Wenn die Vertreter mit einer Dreiviertelmehrheit das Vorgehen des Aufsichtsrats stützen, sei dies per Satzung gleichbedeutend mit einer fristlosen Kündigung aus wichtigem Grund. Warum sich Schwamm derart verhält, ist Behrens nicht klar. Dem Vernehmen nach sollen Schwamms Forderungen für den gekappten Fünfjahresvertrag für den Bauverein unakzeptabel gewesen sein.
 
Es hatte schon länger mächtig gebrodelt an der Zähringer Straße, wo Freiburgs größter Bauverein seinen Sitz hat. Schwamm und Disch haben sich offenbar von Anfang an alles andere als blendend verstanden. Nach den politischen Querelen um das im Bau befindliche Wohn- und Geschäftshaus in der Gundelfinger Ortsmitte (siehe Seite 37) war das Fass übergelaufen. „Wir haben Herrn Schwamm getreu der Satzung des Bauvereins seines Amtes enthoben, mit dem Ziel, sich vertraglich zu trennen“, sagte Behrens. Bis zum 4. November ohne Erfolg.
 
Disch und Schwamm hätten „sehr unterschiedliche Auffassungen über die Ausrichtung“ des Bauvereins gehabt. Der Aufsichtsrat will den bisher von Disch beschrittenen Weg weitergehen, der viel auf Kooperationen mit Kommunen setzte, das Bauträgergeschäft vorrangig nur machte, um die Gewinne in die Modernisierung des genossenschaftlichen Bestandes von rund 5000 Wohnungen zu stecken und die Mieten moderat zu halten und mit Kirchen und sozialen Einrichtungen gute Kontakte pflegte.
 
Schwamm wollte indes mehr profitorientiert vorgehen, schickte schon mal saftige Mieterhöhungen raus – etwa ohne jede Vorankündigung an die Sparkasse Freiburg für die Filiale am Komturplatz – und wollte zuletzt in Gundelfingen gegen die mündliche Absprache mit dem Rathaus beim Neubau für die Erweiterung der Ortsmitte lukrativere Eigentumswohnungen anstelle der Mietwohnungen bauen. Nachdem auf die Genossen ein sechsstelliger Mehraufwand für die Gründungsarbeiten zukam. Ob der gebürtige Freiburger nach der Amtsenthebung und dem folgenden Streit noch mal einen Fuß in die soziale Wohnungswirtschaft bekommt, ist fraglich.
 
Da herrschte noch Eintracht: Markus Schwamm, Martin Behrens und Reinhard Disch (v.l.) beim Gruppenbild zur Verpflichtung des neuen Vorstands.
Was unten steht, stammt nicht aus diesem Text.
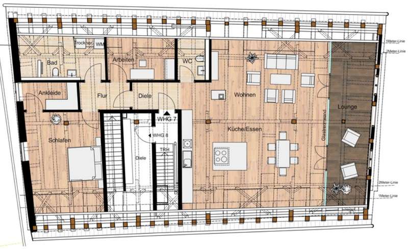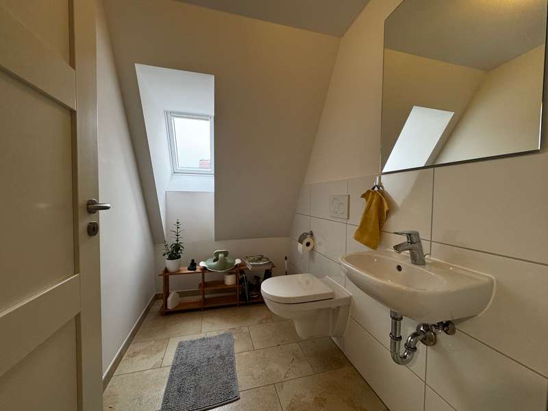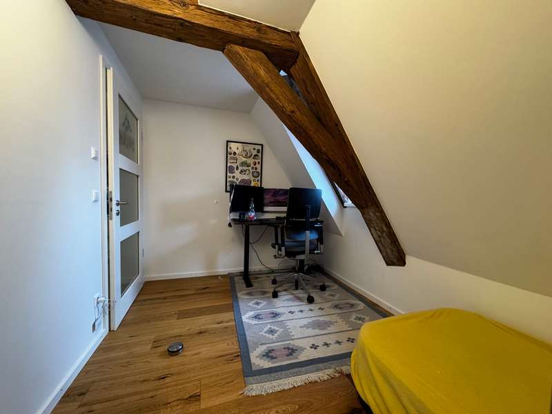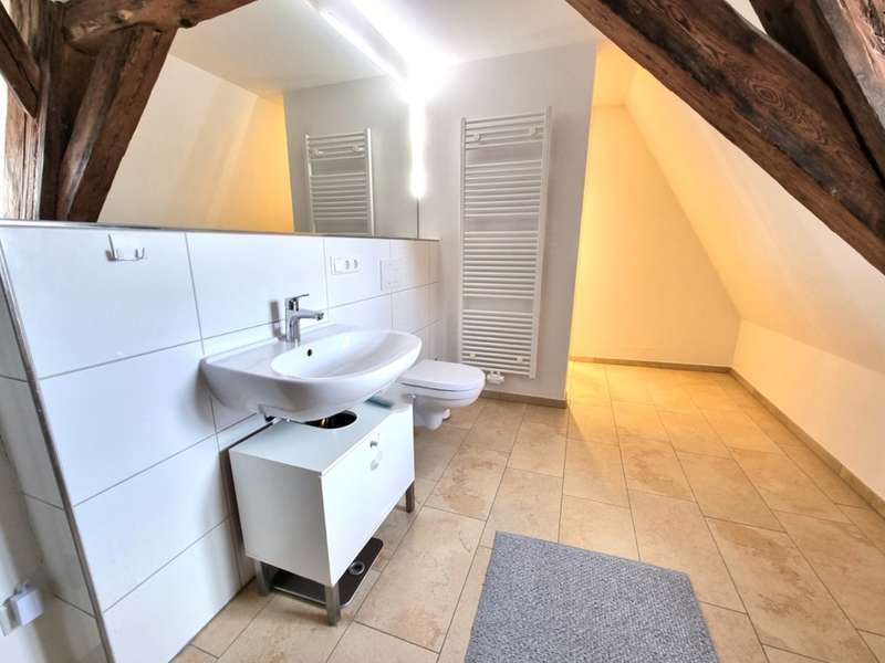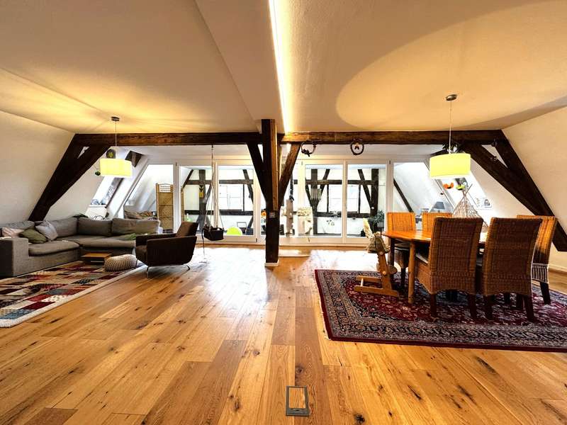 VON POLL IMMOBILIEN offers you the opportunity to purchase this exclusive top-floor apartment, which is located in a historic building dating back to 1460 in the heart of Nördlingen's old town. The apartment was completely modernized in 2018 as part of a comprehensive core renovation of the building and offers a living space of approx. 154.9 m². It comprises 4.5 rooms and combines the historic charm of the building with modern living comfort. The living spaces impress with their exclusive furnishings and have been fitted with underfloor heating, which provides pleasant warmth in all rooms. The floor is covered with high-quality parquet flooring, which gives the rooms a warm and elegant atmosphere. The open-plan living, dining and cooking area forms the heart of the apartment. A high-quality fitted kitchen has been integrated here, which is included in the purchase price. This spacious area is ideal for sociable evenings with family and friends. The large lounge area, which adjoins this open-plan area with approx. 22 m², offers a spectacular view of the Nördlingen landmark, the "Daniel". The spacious bedroom is directly connected to a dressing area and therefore offers plenty of storage space. The daylight bathroom is equipped with a modern shower, washbasin and WC and also has a space for a washing machine and tumble dryer. The apartment comes with a parking space, which is located directly at the property and can be purchased for €20,000. A passenger elevator facilitates access to the 3rd floor of the building, making the apartment easily accessible. The apartment has been rented since 2023 and currently generates a monthly rental income of €1,325. The condition of the property can be described as as good as new, which illustrates the high standard of the recent refurbishment. In summary, this top-floor apartment offers a unique living experience in a historic setting with modern comforts. It harmoniously combines historical architecture and modern furnishings and thus offers a very special kind of home right in the heart of Nördlingen. Interested parties are invited to see the many advantages of this property for themselves and arrange a viewing appointment.

Da herrschte noch Eintracht: Markus Schwamm, Martin Behrens und Reinhard Disch (v.l.) beim Gruppenbild zur Verpflichtung des neuen Vorstands.


 
Zudem, so Behrens, habe es auch in Sachen Führungsstil unterschiedliche Auffassungen gegeben: „Ein nicht einheitlich agierender Vorstand ist für den Bauverein nicht tragbar.“ Am Rande des Baustarts am 18. Oktober waren Gundelfinger Gemeinderäte auf die Vertreter des Bauvereins zugegangen und hatten nach einem „Philosophiewechsel“ beim BVB gefragt.
 
Bereits fünf Tage zuvor hatte der Aufsichtsrat getagt und am Ende der Sitzung beschlossen, sich von Schwamm zu trennen. Am 14. Oktober hatte Behrens Schwamm in einem persönlichen Gespräch die Entscheidung mitgeteilt. „Eine neue Ausrichtung ist beim Bauverein nicht nötig“, so Behrens.
 
Schwamm hatte offenbar nicht nur der Sparkasse – die den Vertrag nach der Mieterhöhungsankündigung einfach nicht verlängerte –, sondern auch anderen Mietern offensive Mieterhöhungen geschickt. „Das stimmt“, bestätigt Disch, „aber wir versuchen derzeit an vielen Stellen, die Wogen zu glätten.“
 
Disch, der schon seit 33 Jahren beim Bauverein ist, würde auf Bitten des Aufsichtsrats nun auch über den anvisierten Juli hinaus noch weiterarbeiten, um einen guten Übergang zu erleichtern. „Wir sind ihm dankbar, der Bauverein ist ja so etwas wie sein Kind“, sagt Behrens. Bis Mitte kommenden Jahres soll die vakante Kommandobrücke wieder voll besetzt sein. Dazu zählt auch der Ersatz der bereits in Pension gegangenen Doris Reiprich. „Ich hoffe, dass bis dahin die neue Führungsspitze gefunden ist“, sagt Disch.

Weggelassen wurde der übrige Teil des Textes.